Book review: Tame Your Inner Critic - be glad about life's good bits

American reiki master and psychic healer's latest self-help guide urges readers to find their internal wisdom, but some may find her ideas wacky or even absurd

PUBLISHED : Monday, 18 May, 2015, 6:00am
UPDATED : Tuesday, 19 May, 2015, 8:21pm

Tame Your Inner Critic:

Find Peace & Contentment to Live Your Life on Purpose

Della Temple

Della Temple must be one of the most versatile seers in the self-help sphere. On one level, Temple is a certified reiki master, who has studied clairvoyance and psychic healing at Boulder Psychic Institute in Colorado.

On the other, she boasts a bachelor's degree in business administration and accounting, and a master's degree in organisational leadership - "string theory for business nerds", her potted profile says, adding that she twins her love of anything analytical with a broad interest in quantum physics and the energetic healing world.

The all-rounder opens her new personal growth guide, Tame Your Inner Critic, with a bold confession. "My inner critic used to be very loud and very obnoxious. It told me I couldn't do many of the things I wanted to do, that I was too small, too unprepared, too opinionated, or not good enough," she writes.
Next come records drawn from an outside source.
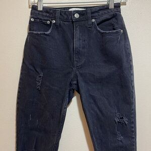Abercrombie & Fitch Curve Love The Mom High Rise Distressed Jeans Black Fray Hem
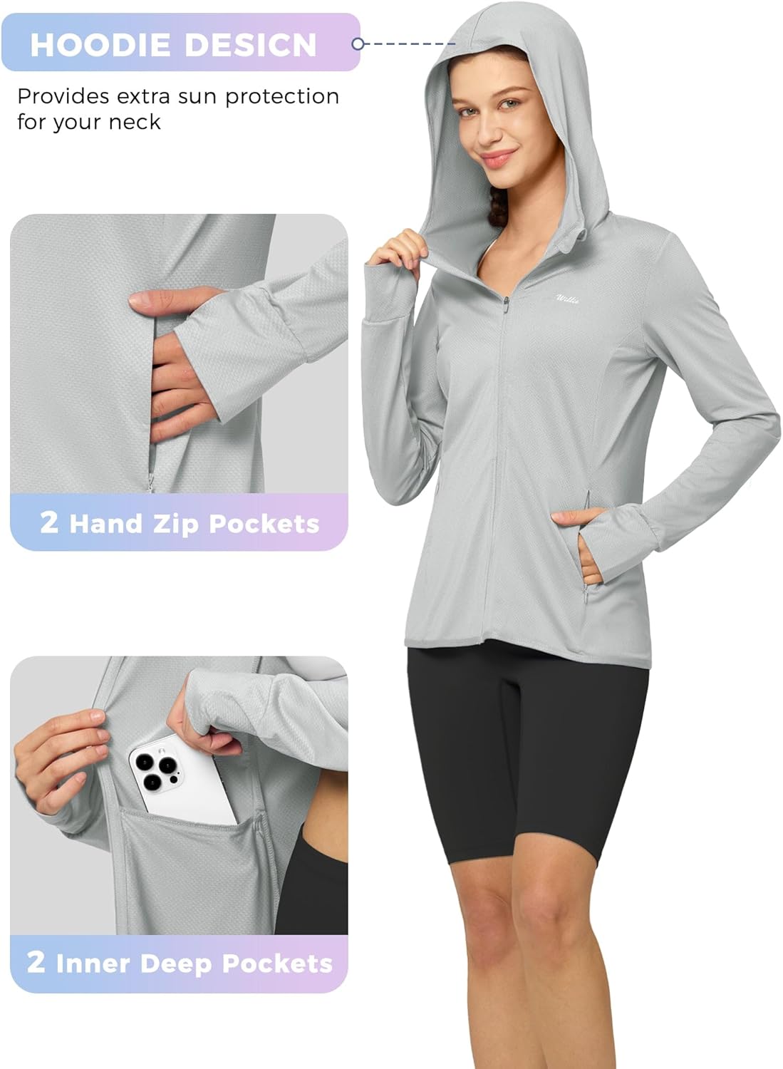 Willit Women’s UPF 50+ Sun Protection Shirts UV Long Sleeve Zip Hoodies SPF Lightweight Jacket Hiking Outdoor with Pockets
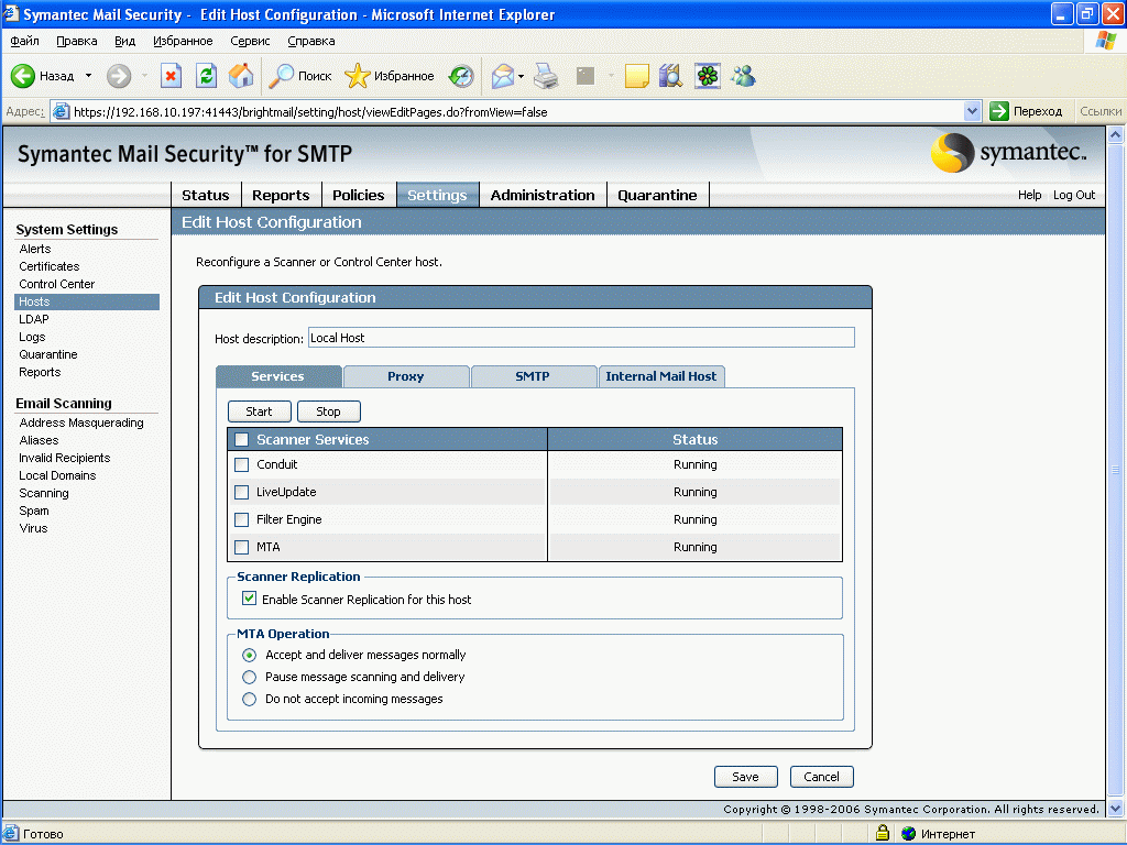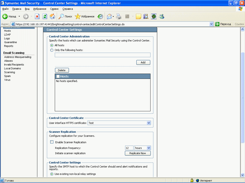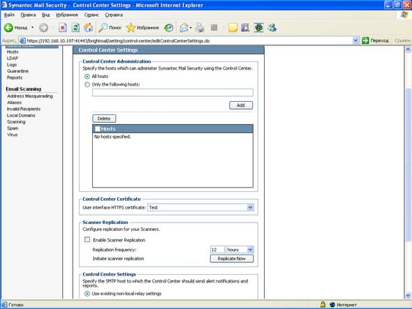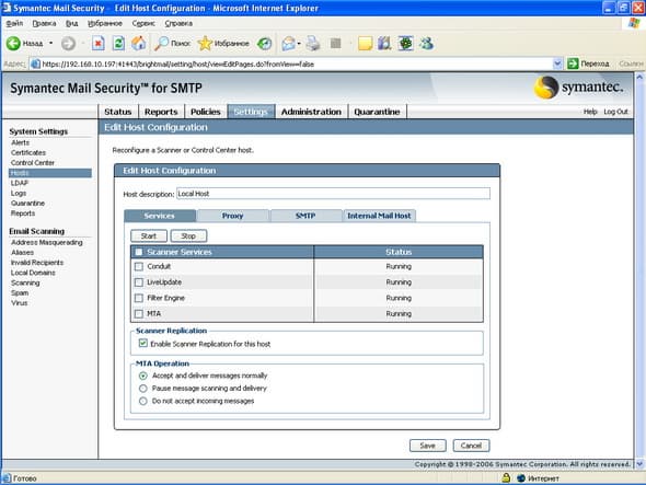 Установка проводилась на виртуальную машину с ОС Windows 2003 Server Standard с 512 Мб ОЗУ, сам процесс установки прост и интуитивно понятен. Продукт состоит из нескольких компонент, установка которых возможна на разные хосты (См. Рисунок 63): сканеры отдельно, Центр Управления вместе с карантином отдельно, соответственно неограниченное число сканеров может быть поключено к одному Центру Управления. Тестирование проводилось на сымитированном потоке писем, который отсылался с помощью почтового клиента на SMTP соединение виртуальной машины, поэтому говорить о качестве срабатывания по спаму сложно, с вирусами проблем не было, не было также проблем с образцами контентной фильтрации (в том числе русский язык) и языковой идентификацией.Графический материал:

Through her book, you'll supposedly learn how to harness your innate intuition and dump self-critical judgments that may have gained traction in your head. She claims it can help you achieve purpose and happiness.
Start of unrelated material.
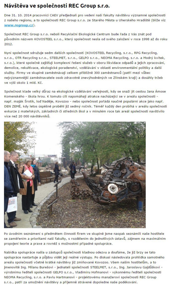 Role hostitelů se ujali jednatel společnosti STEELMET – Ing. Milan Bureš, výrobní ředitel společnosti GELPO – Ing. Jaroslav Gajdůšek, výkonný ředitel společnosti NEOMA Recycling – Vladimír Hofman a projektový manažer společnosti REC Group – Pavel Hartman. Tito seznámili vedení UTB s předmětem činnosti firem ve skupině REC Group a poté naopak oni seznámili nás se zaměřením a prioritami fakulty, s rozdělením do jednotlivých ústavů, zájmem o maximálním propojení teorie a praxe a rovněž s možnostmi případné spolupráce s námi.

"Find your true north - your own internal wisdom that is connected to the divine and gives you guidance," the blurb says. Grand claims.

As thoughts enter your mind, which they will, allow them to float by
Della Temple

Every chapter in Temple's book ends with mental exercise sections marked by abstraction; references to psychic soap bubbles and "grounding cords" pepper the text.

Some readers might find the tone of Temple's advice, which can lend itself to parody, too new-age. Just look at her claim that human auras are oval-shaped and extend 46 centimetres in all directions.

Then there is her embrace of chakras, described as "as energetic way stations linking our spirit to our physical body".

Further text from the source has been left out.